Proposal: identifying contaminated cancer cell lines

This morning, Dan Graur tweeted this explosive article:

I recommend everyone reads it.  tl;dr – lots of cancer cell lines are not what they’re supposed to be, having been contaminated and overtaken by other, perhaps more aggressive cell lines.

With the advent of NGS, this seems like something we could tackle relatively easily.  For example, cell lines will have (i) signature gene expression profiles; (ii) signature SNP profiles; and (iii) signature CNV profiles.

It shouldn’t be too difficult to set up a service, linked to the public databases, that can check all submitted data against known (contaminant) cell lines and which could identify datasets that perhaps come from a different cell line to that which is reported.

I propose that the funding agencies immediately fund EBI/NCBI to set up such a service, attached to the major sequence repositories, that can identify possible cell line contamination.


  1. Contamination of human cell lines is anything but news. Rebecca Skloot covers the initial revelation in 1966 of widespread contamination of human cell lines by HeLa cells in Chapter 20 of her 2010 book “The Immortal Life of Henrietta Lacks” — “The HeLa Bomb” (http://books.google.co.uk/books?id=CE1xL3bxsCAC&printsec=frontcover&dq=hela+bomb&hl=en&sa=X&ei=Ve08VLPjKvKV7AaHmYH4BQ&ved=0CCIQ6AEwAA#v=onepage&q=%2220%20the%20hela%20bomb%20in%20september%22&f=false). Our institute already provides a cell line screening service, I suspect other institutes do as well.
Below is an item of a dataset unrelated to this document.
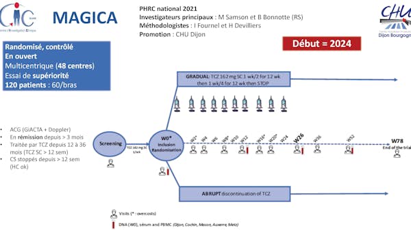 L’essai MAGiCA est un essai de phase 3, multicentrique, randomisé, contrôlé, en ouvert, comparant deux modalités d’arrêt du tocilizumab au cours de l’artérite à cellules géantes (ACG) en rémission sans corticothérapie.

    • Thanks Casey! Glad to hear the screening service is in place, however my point is that we should tie this to the large sequence and variant databases in the public domain and discover problems automatically when data are submitted.

  2. Mycoplasma contamination in sequencing data is a problem too: http://blog.genohub.com/mycoplasma-contamination-in-your-sequencing-data/. You can already scan various databases for this.

  3. Sebastian Boegel

    16th October 2014 at 8:02 am

    Thank you for the link and your ideas. Indeed, with NGS and the already existing bioinfo tools, such services/analysis could be easily done. One example is HLA type as barcode:

    – “An ID card for tumour cell lines: HLA typing can help” (http://www.ncbi.nlm.nih.gov/pubmed/11902535)
    – “A catalog of HLA type, HLA expression, and neo-epitope candidates in human cancer cell lines” (https://www.landesbioscience.com/journals/oncoimmunology/article/954893/)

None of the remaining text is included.